Although I don't have a complete proof of the result, I explain what I found so anyone can try to find the proof.

First, we compute some values of $f$ to use later on: $$ \begin{array}{|c|c|} \hline n & 0& 1 & 2 & 3 & 4& 5 & 6 & 7 & 8& 9 & 10 & 11\\ \hline f(n)& 0 & 1& 1 & 2 & 2& 3& 3& 4& 3& 4& 4& 5 \\ \hline \end{array} $$

Denote by $F(m):=f(2^{m})$ (as you as you did). So $F(0)=f(1)=1$, and $F(1)=f(2)=1$. Condition 1 says that, for $m\ge 1$, $$F(m+1)=f(2^{m+1})=f(4\cdot 2^{m-1})=f(2^{m})+f(2^{m-1})=F(m)+F(m-1),$$ so $\{F(m+1)\}$ is the Fibonacci sequence (usual Fibonacci sequence starts with $F_0=0$, $F_1=1$, so $F_2=1$). So all explicit formulae for the Fibonacci sequence applies.

We can describe explicitly the function $f$ in terms of $F$.

Explicit expression:

Let $1\le n<2^{m+1}$ be written in binary as $n:=\sum_{i=0}^m b_i 2^i$ for $b_i\in \{0,1\}$. Then $$f(n):=\sum_{i=0}^m b_i f(2^i)=\sum_{i=0}^m b_i F(i)$$

To show this formula one only needs to see it verifies the three properties of the definition. Properties 2 and 3 are easy. Only property 1 uses Fibonacci recurrence, as $$f(4n)=\sum_{i=0}^m b_i F(i+2)=\sum_{i=0}^m b_i (F(i)+F(i+1))=\sum_{i=0}^m b_i F(i+1)+\sum_{i=0}^m b_i F(i)=f(2n)+f(n).$$

Recall your notation: $$ S_m=\{n \in \mathbb{N} \mid n < 2^m \text{ and } f(4n) = f(3n)\}.$$

Now, I believe the following is true:

Conjecture:

Any $n\in S_m$ verifies that $3n<2^{m+1}$.
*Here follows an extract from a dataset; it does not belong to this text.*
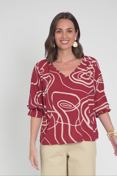Rona Red Swirl Frill Sleeve Top
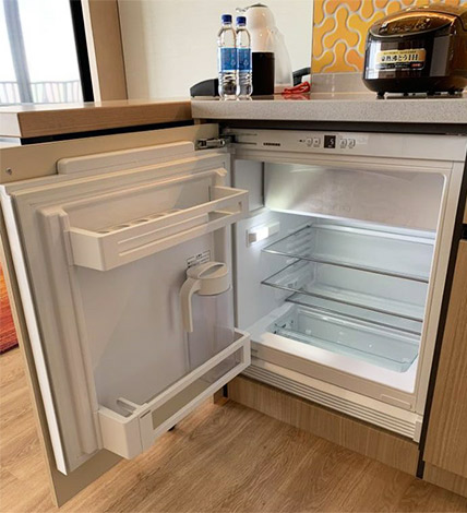 小型の冷蔵庫(庫内上部にコンパクトな冷凍スペースが備え付けられています)と、同じく小型の食器洗浄機、さらに電子レンジが用意され、リゾートに籠って自炊を楽しみたいメンバー様にとって必要十分な機能が確保されています。

Note that this says there is a big gap between the largest element in $S_m$ and $2^m-1$. For example, if $m=5$, the largest element in $S_5$ is $21$, while $2^m-1=31$ (note $3\cdot 21=63<64=2^6$). And for $m=6$ we get that 42 is the largest element in $S_6$ and $3\cdot 42=126<128=2^7$. In fact it should be true that $$\lfloor \frac{2^{m+1}-1}{3}\rfloor\in S_m$$ so the largest $n$ verifying that $3n<2^{m+1}$ is in $S_m$.

Now, using the conjecture one can prove by induction the following result, which implies the answer to your question.

Assertion

For any $m\ge 1$ we have $$S_{m+1}=S_m\sqcup (S_{m-1}+2^m)$$ (where $S_{m-1}+2^m=\{n+2^m \ | \ n\in S_{m-1}\}$).

Observe that the union is disjoint because all the elements of $S_m$ are less than $2^m$, while the other set has all members bigger or equal to $2^m$. So we get $|S_{m+1}|=|S_m|+|S_{m-1}|$ and we are done, since $|S(m)|=F(m+1)$ is true for $m=0,1,2$ trivially.